Pres. Owes Public More Information
At the end of this,
Looking for More Answers:
DAVID BROOKS: Well, I do think they knew there had to be a change before the
election. And they just waited until after the election to announce it.
I found -- one of answers I found interesting was on, again, going back to
this issue of 17,500 troops in Baghdad. You asked him, will that be enough?
And he said, I'll do what the generals tell me to do basically.
Well, that was his answer for three years when they told him they didn't
commit enough troops, as he now acknowledges. So why should we believe him
now? And which generals are these?
And what he's trying to do is absolve himself from having to make a judgment
and give us the reasons for the judgment, because there are all different
generals and colonels and everybody else giving different analyses of how
many troops it will take.
And he doesn't give us any military reason. And when pressed, he always
gives you a personal reason. "Well, I trust this guy, General Casey. I like
that guy, General Abizaid." Well, they're good guys, but the president has
to have made -- has to have heard the different arguments and have a
substantive reason why this number of troops will work and that number of
troops won't work.
And he never really answers on that. He just says, "I defer to the
generals." Again, that's not good enough anymore. I haven't heard that many
other plausible arguments. And I'm willing to give this policy a chance, as
other people who know more about the military situation, more than me, are
willing to give it a chance.
But you've got to ease the skepticism based on three years of failure. And,
again, that involves granularity; that involves evidence; that involves
treating people like adults and not talking down to them.
JIM LEHRER: Mark?

MARK SHIELDS: I can't argue with anything that David said there. I would
just add that I thought the president's explanation of the successes in
Iraq, getting rid of Saddam Hussein and that, I was fascinated by his use of
the term "kind of a revenge killing."

I mean, there are millions of people who think that capital punishment is a
revenge killing, it's an institutionalized revenge killing. But when the
president talked as he did about the successes, I don't think they have
created a unity government. I don't think anyone really believes that.
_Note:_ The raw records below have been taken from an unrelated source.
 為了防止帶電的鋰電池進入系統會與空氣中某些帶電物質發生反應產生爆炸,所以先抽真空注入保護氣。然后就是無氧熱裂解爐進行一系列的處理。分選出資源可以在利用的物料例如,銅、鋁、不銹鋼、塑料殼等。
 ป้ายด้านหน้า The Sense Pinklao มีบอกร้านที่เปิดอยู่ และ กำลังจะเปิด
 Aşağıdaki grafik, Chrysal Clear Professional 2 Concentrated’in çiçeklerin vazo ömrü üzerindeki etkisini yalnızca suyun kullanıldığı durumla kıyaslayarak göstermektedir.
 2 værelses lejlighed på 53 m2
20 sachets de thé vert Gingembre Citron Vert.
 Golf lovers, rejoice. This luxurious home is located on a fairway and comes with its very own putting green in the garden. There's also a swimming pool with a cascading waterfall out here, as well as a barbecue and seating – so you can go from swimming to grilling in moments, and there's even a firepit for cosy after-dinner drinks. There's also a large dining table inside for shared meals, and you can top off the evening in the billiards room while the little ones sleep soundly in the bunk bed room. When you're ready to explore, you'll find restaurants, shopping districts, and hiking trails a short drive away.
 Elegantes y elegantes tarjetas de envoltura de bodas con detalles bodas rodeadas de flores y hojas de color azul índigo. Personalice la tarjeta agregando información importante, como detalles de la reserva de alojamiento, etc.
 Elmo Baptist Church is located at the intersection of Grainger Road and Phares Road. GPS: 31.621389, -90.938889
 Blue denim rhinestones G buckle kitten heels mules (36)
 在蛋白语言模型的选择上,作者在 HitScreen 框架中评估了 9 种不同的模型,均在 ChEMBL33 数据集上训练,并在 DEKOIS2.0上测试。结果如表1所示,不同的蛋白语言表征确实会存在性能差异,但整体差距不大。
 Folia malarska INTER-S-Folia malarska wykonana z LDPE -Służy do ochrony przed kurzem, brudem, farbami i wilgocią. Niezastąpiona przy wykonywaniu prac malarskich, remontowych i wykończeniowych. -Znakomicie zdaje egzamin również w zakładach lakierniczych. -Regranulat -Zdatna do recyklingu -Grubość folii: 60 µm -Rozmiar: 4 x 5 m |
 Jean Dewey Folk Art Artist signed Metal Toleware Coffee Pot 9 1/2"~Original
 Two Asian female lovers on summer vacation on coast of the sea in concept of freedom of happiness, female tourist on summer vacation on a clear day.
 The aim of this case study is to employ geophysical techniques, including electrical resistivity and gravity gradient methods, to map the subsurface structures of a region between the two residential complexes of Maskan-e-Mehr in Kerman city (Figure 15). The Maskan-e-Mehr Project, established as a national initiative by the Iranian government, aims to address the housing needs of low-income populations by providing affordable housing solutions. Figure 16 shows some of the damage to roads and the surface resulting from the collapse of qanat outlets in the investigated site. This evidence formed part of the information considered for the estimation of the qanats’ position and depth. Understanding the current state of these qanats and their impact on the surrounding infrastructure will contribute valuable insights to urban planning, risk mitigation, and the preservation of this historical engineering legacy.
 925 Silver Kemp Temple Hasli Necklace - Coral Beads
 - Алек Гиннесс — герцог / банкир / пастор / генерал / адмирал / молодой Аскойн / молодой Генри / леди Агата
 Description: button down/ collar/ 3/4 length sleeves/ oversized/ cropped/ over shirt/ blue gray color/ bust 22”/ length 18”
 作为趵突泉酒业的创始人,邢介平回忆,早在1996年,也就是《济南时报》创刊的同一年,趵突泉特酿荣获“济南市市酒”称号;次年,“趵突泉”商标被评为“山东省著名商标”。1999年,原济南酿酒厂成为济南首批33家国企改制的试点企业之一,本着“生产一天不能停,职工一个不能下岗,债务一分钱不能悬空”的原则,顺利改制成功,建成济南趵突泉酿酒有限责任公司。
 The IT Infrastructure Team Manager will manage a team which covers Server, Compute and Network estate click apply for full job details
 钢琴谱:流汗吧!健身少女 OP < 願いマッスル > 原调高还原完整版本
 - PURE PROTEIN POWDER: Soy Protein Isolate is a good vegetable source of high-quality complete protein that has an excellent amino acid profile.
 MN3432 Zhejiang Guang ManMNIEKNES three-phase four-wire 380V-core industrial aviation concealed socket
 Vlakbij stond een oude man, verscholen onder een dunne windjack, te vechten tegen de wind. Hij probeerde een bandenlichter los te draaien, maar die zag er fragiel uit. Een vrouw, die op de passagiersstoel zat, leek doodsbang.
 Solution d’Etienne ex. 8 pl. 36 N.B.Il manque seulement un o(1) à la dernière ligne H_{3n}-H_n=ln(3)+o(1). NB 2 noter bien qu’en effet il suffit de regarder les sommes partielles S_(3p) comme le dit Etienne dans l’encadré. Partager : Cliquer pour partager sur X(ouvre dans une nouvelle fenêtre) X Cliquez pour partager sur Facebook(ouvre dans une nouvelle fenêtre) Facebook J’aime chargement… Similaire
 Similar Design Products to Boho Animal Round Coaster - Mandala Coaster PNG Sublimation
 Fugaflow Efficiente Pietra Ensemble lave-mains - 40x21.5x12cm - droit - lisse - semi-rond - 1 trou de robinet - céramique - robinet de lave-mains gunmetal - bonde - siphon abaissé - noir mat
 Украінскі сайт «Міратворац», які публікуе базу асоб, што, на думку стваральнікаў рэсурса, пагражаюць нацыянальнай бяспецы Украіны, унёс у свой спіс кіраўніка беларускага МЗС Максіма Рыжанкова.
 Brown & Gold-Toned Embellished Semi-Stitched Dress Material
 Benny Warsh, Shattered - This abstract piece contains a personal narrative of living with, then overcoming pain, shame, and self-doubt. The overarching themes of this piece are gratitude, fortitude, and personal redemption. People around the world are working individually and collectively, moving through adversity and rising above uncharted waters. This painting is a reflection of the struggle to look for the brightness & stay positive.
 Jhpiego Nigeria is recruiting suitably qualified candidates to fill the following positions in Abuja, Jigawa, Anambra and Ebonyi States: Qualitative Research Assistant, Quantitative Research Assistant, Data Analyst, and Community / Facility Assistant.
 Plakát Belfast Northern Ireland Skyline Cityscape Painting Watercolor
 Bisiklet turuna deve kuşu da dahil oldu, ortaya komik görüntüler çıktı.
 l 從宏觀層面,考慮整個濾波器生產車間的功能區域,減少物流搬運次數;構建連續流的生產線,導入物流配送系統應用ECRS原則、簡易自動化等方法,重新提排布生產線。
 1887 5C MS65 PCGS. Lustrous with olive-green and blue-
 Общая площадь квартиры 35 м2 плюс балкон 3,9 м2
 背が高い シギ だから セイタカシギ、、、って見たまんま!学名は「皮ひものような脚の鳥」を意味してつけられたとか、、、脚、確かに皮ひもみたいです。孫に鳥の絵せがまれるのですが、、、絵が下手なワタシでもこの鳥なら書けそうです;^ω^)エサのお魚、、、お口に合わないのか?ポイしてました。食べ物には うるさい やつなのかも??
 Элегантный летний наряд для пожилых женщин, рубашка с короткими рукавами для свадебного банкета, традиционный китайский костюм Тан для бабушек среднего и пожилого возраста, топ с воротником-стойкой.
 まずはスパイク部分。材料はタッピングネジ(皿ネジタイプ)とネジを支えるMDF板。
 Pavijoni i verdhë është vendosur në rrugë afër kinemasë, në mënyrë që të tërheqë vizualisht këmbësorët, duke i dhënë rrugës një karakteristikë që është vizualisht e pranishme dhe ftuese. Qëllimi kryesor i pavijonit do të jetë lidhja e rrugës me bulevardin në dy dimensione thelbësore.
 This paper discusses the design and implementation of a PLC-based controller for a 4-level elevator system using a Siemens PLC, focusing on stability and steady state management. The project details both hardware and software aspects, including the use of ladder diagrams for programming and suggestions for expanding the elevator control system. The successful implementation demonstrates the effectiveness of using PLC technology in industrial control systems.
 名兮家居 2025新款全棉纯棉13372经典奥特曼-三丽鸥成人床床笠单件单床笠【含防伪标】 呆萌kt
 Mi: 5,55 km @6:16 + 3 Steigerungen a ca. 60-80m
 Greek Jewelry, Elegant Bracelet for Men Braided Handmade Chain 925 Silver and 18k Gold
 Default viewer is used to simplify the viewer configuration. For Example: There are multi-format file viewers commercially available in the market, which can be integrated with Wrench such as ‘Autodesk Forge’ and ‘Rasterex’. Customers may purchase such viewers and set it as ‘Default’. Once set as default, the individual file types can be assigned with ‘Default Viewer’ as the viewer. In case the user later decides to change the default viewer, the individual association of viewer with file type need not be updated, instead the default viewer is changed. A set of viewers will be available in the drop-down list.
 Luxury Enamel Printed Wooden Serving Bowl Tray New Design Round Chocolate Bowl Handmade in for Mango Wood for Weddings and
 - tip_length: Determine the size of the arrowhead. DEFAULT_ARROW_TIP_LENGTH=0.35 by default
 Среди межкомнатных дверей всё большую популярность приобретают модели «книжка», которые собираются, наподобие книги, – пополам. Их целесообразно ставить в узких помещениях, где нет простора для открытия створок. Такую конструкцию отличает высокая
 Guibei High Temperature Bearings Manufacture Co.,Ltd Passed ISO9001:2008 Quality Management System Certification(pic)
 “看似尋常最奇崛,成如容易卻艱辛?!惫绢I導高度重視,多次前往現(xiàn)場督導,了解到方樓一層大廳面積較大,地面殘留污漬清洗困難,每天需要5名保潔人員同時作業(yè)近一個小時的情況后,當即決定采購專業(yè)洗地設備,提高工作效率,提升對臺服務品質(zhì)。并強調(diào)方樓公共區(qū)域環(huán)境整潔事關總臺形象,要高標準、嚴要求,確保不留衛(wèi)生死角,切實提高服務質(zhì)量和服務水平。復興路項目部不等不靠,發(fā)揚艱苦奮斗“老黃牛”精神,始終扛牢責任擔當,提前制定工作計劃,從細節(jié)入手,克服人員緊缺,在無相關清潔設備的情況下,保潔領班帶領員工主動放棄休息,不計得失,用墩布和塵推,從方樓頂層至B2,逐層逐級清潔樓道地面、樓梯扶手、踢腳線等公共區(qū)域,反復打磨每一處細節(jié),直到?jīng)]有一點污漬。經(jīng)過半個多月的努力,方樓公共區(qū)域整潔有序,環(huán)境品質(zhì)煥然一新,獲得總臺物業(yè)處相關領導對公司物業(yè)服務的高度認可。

It's a sectarian government, and that's one of the real problems that we're
dealing with right now. And so maybe he just wants to believe that, but it's
not true. Saddam Hussein is gone.

The other thing that just amazed me was that he said we have to stop
al-Qaida from getting a foothold in Iraq. That was in the resolution to go
to war in the first place, that al-Qaida did have a foothold in Iraq. So, I
mean, here we are, five years later.

http://www.pbs.org/newshour/bb/politics/jan-june07/sb_01-16.html
<http://www.pbs.org/newshour/bb/politics/jan-june07/sb_01-16.html>


As to the economic issues of spending  $1.2 TRILLION on the Iraq war, it has
been suggested that a Victory Tax be passed on the very rich, until US
troops are sent home. The reasoning is that the war would end much sooner.